* [Task item] The result should be the lines from the one holding "أعلن الأزهر الشريف" to the end of the records below, repeated exactly. No pictures.

(Given data)

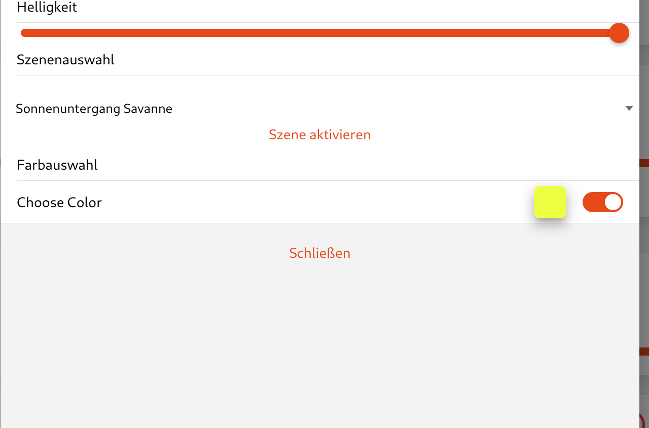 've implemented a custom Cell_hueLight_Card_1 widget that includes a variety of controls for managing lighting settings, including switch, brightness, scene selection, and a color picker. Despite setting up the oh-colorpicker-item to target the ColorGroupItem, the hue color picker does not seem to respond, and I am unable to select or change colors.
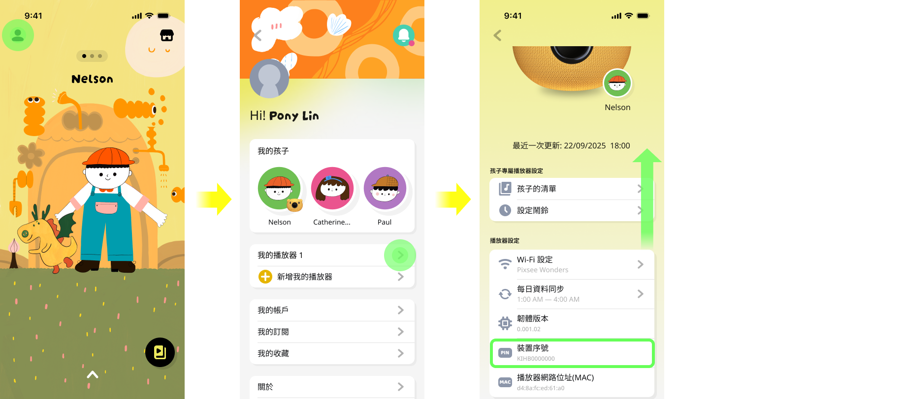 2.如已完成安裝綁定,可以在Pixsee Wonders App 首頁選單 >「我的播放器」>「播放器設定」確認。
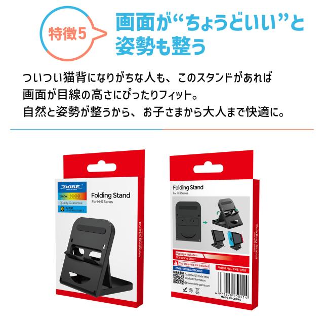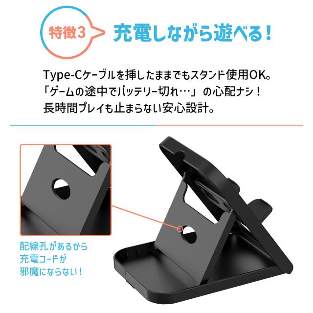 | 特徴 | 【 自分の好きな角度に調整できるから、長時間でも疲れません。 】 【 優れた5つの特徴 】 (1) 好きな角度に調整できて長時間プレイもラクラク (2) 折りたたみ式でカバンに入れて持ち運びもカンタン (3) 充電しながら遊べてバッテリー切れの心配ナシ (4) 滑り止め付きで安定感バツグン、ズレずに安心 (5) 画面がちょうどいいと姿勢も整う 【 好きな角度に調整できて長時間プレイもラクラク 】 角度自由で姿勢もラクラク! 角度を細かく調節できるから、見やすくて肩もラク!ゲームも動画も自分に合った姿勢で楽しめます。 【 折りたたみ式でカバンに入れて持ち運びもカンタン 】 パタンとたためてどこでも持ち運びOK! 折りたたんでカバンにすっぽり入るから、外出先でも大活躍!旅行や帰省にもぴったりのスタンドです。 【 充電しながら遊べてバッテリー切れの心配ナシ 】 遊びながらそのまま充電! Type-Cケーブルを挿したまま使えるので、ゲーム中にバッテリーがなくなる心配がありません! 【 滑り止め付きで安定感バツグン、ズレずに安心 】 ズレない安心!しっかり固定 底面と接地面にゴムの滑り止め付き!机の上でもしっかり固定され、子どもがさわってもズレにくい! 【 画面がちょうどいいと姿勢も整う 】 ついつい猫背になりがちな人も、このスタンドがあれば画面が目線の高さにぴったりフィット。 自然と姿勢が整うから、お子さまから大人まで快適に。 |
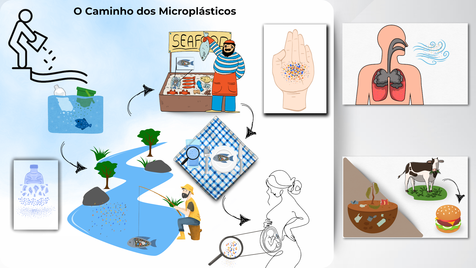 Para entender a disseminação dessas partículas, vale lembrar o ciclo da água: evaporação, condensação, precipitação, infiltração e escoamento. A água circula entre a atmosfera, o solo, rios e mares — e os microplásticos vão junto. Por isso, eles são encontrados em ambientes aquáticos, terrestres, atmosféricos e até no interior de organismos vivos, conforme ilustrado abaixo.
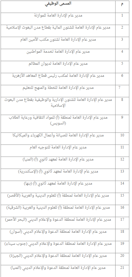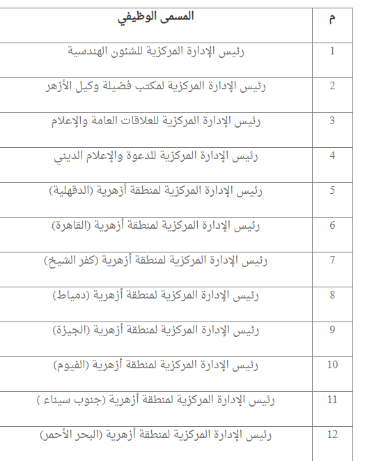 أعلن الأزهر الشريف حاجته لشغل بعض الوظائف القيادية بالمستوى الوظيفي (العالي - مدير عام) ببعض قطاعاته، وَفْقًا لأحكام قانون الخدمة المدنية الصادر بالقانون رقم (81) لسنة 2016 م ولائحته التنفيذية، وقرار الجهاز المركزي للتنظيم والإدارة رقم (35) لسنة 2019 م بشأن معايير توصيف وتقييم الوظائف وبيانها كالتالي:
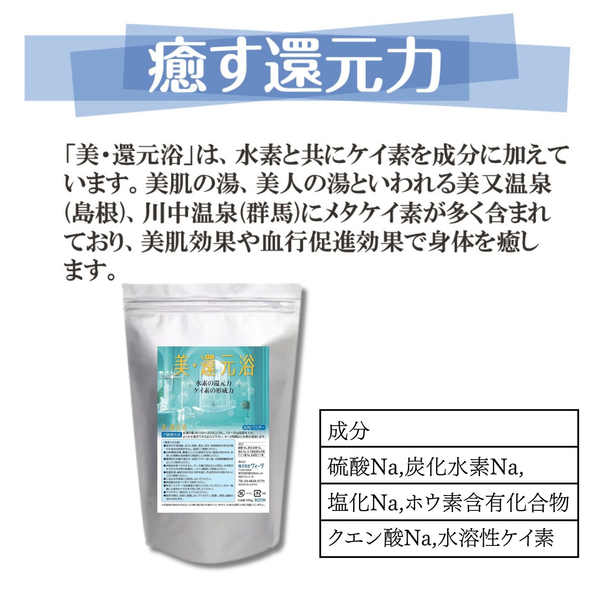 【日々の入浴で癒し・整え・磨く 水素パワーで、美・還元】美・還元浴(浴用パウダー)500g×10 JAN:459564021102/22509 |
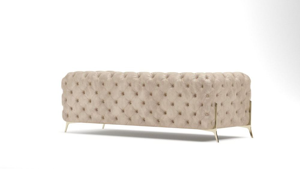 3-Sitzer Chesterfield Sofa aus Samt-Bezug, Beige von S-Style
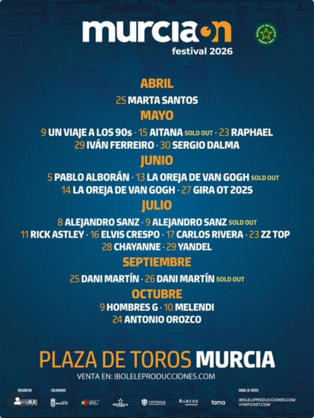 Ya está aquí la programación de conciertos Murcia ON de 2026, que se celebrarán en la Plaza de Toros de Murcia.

(End Given data)

* [Written solution]
 أعلن الأزهر الشريف حاجته لشغل بعض الوظائف القيادية بالمستوى الوظيفي (العالي - مدير عام) ببعض قطاعاته، وَفْقًا لأحكام قانون الخدمة المدنية الصادر بالقانون رقم (81) لسنة 2016 م ولائحته التنفيذية، وقرار الجهاز المركزي للتنظيم والإدارة رقم (35) لسنة 2019 م بشأن معايير توصيف وتقييم الوظائف وبيانها كالتالي:
 【日々の入浴で癒し・整え・磨く 水素パワーで、美・還元】美・還元浴(浴用パウダー)500g×10 JAN:459564021102/22509 |
 3-Sitzer Chesterfield Sofa aus Samt-Bezug, Beige von S-Style
 Ya está aquí la programación de conciertos Murcia ON de 2026, que se celebrarán en la Plaza de Toros de Murcia.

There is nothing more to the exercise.